Skip any pictures. Repeat the data exactly, from its first line through the line that holds "- Pevný materiál: Regály", both included.

**Supplied data**:
◇ ◇ ◇
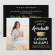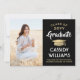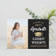 Share the joy of a high school or college graduation with these custom photo black, gold and white announcements. (IMAGE PLACEMENT TIP: An easy way to centre a picture exactly how you want is to crop it before uploading to the Zazzle website.) This template is simple to customise with any wording of your choice, such as party invitation details, parents' names, special honours, degree title, favourite inspirational quote, graduate's contact info, future education plans, or new job position. If there's any text not wanted simply delete it. Design features a faux gold foil mortar board cap, handwritten style script calligraphy, modern minimalist typography, and one photo of your choice, such as a senior picture or image from the commencement ceremony. Please note that gold is printed colour, not metallic foil. These elegant graduation announcement cards are a trendy and chic way to share your special day celebration with family and friends. Congratulations to the graduate!
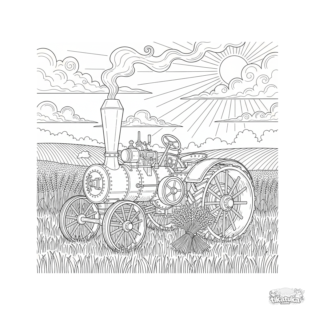 Сложная раскраска с детализированным старинным паровым трактором в пшеничном поле. Для детей 8-12 лет. Много механических и природных деталей.
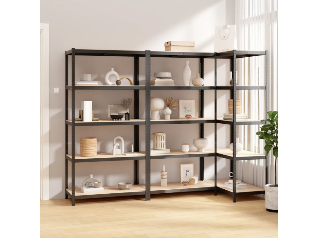 - Pevný materiál: Regály se skládají z ocelových rámů a dřevěných desek. Ocelové rámy zaručují robustnost a stabilitu, zatímco kompozitní dřevo nabízí pevnost, stabilitu a odolnost proti vlhkosti.
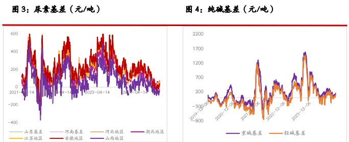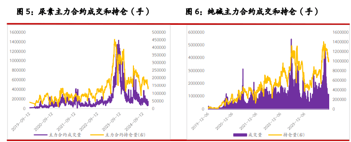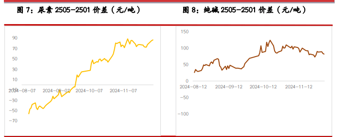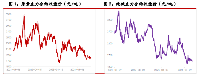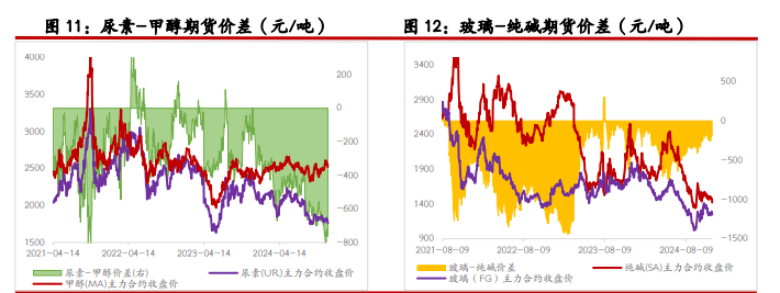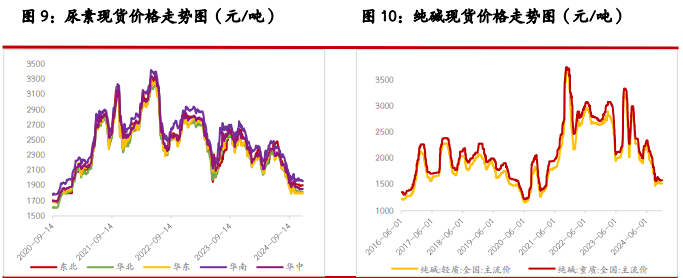 一、研究观点 【尿素】 周三尿素期货价格偏弱运行,主力合约收盘价 1761 元/吨,跌幅 1.95%。现货市场多数稳定,局部地区小幅下调 10 元/吨,山东临沂市场价格维持在 1800 元/吨附近。 基本面来看,尿素供应继续下降,行业日产量降至 18.2 万吨,后续或仍有进一步下降空间。需求跟进缓慢,中下游多以逢低少量采购为主,各地区产销率低位徘徊,对市场支撑力度有限。 本周尿素企业库存下降 1.34%,但市场交易逻辑仍在于外围市场波动、国内商品市场情绪偏弱等。另外,尿素上游相关品焦煤、下游玉米期货价格近两日下跌明显,尿素期价也受到联动影响。 整体来看,尿素日产、库存等基本面指标略有好转,但外围因素影响加大,期货盘面日内或继续以释放情绪为主,关注主力合约 1730~1750 元/吨支撑位。 【纯碱】 周三纯碱期货价格明显走弱,主力合约收盘价 1423 元/吨,跌幅 3.59%。现货市场报价稳定,沙河地区重碱送到价格本周仍维持在 1500 元/吨。贸易商环节报价继续回落 30~70 元/吨,主流地区交割库出库价格在 1400 元/吨左右。 基本面来看,纯碱供应高位徘,行业开工率昨日继续小幅提升至 87.95%,日环比提升 0.47 个百分点。需求端表现平稳,部分低价货源适量成交。西北等局部地区运输依旧受阻,区域间表现仍有分化,后期等待行业冬储进展能否给市场带来缓和。 整体来看,当前纯碱市场支撑不足,且商品市场相关品种情绪同样偏弱,预计纯碱期货价格短期延续偏弱震荡走势,关注今日库存数据、本月重要会议政策导向。 【玻璃】 周三玻璃期货价格走弱,收盘价 1249 元/吨,跌幅 2.57%。现货市场昨日小幅回落,国内均价 1367 元/吨,日环比回落 2 元/吨。个别地区产销仍维持高位,但局部地区成交略有回落,部分现货产销率降至 100%以下。供应端小幅回落,日产量降至 15.86 万吨。 整体来看,玻璃现货市场情绪略微回落,期货盘面同时受到外围因素影响,日内走势偏弱。考虑到市场对本月重要会议政策仍存预期,建议关注后续政策导向对盘面的支撑效果。另需关注玻璃库存数据、现货成交持续情况。 二、市场信息 尿素 1、郑商所数据:12 月 4 日尿素期货仓单数量 6566 张,较上一交易日-3 张,有效预报量 546 张。 2、隆众数据:12 月 4 日尿素行业日产 18.20 万吨,较上一工作日减少 0.07 万吨(修正:上一工作日 18.27 万吨),较去年同期增加 0.60 万吨;行业开工 80.51%,较去年同期 79.91%回升 0.60 个百分点。 3、12 月 4 日国内各地区小颗粒尿素现货价格(隆众;元/吨):山东 1800,持平;河南 1800,持平;河北 1820,持平;安徽 1800,-10;江苏 1820,持平;山西 1730,-10。 4、隆众数据:截至 12 月 4 日国内尿素企业库存 139 万吨,周环比-1.89 万吨,-1.34%。 纯碱 & 玻璃 1、郑商所数据:12 月 4 日纯碱期货仓单数量 6310 张,较上一交易日+545 张,有效预报量 1988 张;玻璃期货仓单数量 295 张,较上一交易日+295 张。 2、12 月 4 日纯碱主流现货价(隆众;元/吨):华北轻碱 1600~1630,重碱 1650~1750;华中轻碱 1380~1600,重碱 1500~1600;华东轻碱 1450~1600,重碱 1500~1650;华南轻碱 1650~1750,重碱 1700~1800;西南轻碱 1500~1600,重碱 1600~1700;西北轻碱 1100~1250,重碱 1100~1250。日环比均持平。 3、隆众数据:12 月 4 日纯碱行业日度开工率 87.95%,上一工作日 87.48%;日损失量 1.43 万吨,上一工作日 1.48 万吨。 4、隆众数据:12 月 4 日全国浮法玻璃均价 1367 元/吨,日环比-2 元/吨。浮法产业企业开工率 77.63%,日环比持平;日产量 15.86 万吨,日环比-0.05 万吨。 三、图表分析
◇ ◇ ◇
**Exercise result**:
 Share the joy of a high school or college graduation with these custom photo black, gold and white announcements. (IMAGE PLACEMENT TIP: An easy way to centre a picture exactly how you want is to crop it before uploading to the Zazzle website.) This template is simple to customise with any wording of your choice, such as party invitation details, parents' names, special honours, degree title, favourite inspirational quote, graduate's contact info, future education plans, or new job position. If there's any text not wanted simply delete it. Design features a faux gold foil mortar board cap, handwritten style script calligraphy, modern minimalist typography, and one photo of your choice, such as a senior picture or image from the commencement ceremony. Please note that gold is printed colour, not metallic foil. These elegant graduation announcement cards are a trendy and chic way to share your special day celebration with family and friends. Congratulations to the graduate!
 Сложная раскраска с детализированным старинным паровым трактором в пшеничном поле. Для детей 8-12 лет. Много механических и природных деталей.
 - Pevný materiál: Regály se skládají z ocelových rámů a dřevěných desek. Ocelové rámy zaručují robustnost a stabilitu, zatímco kompozitní dřevo nabízí pevnost, stabilitu a odolnost proti vlhkosti.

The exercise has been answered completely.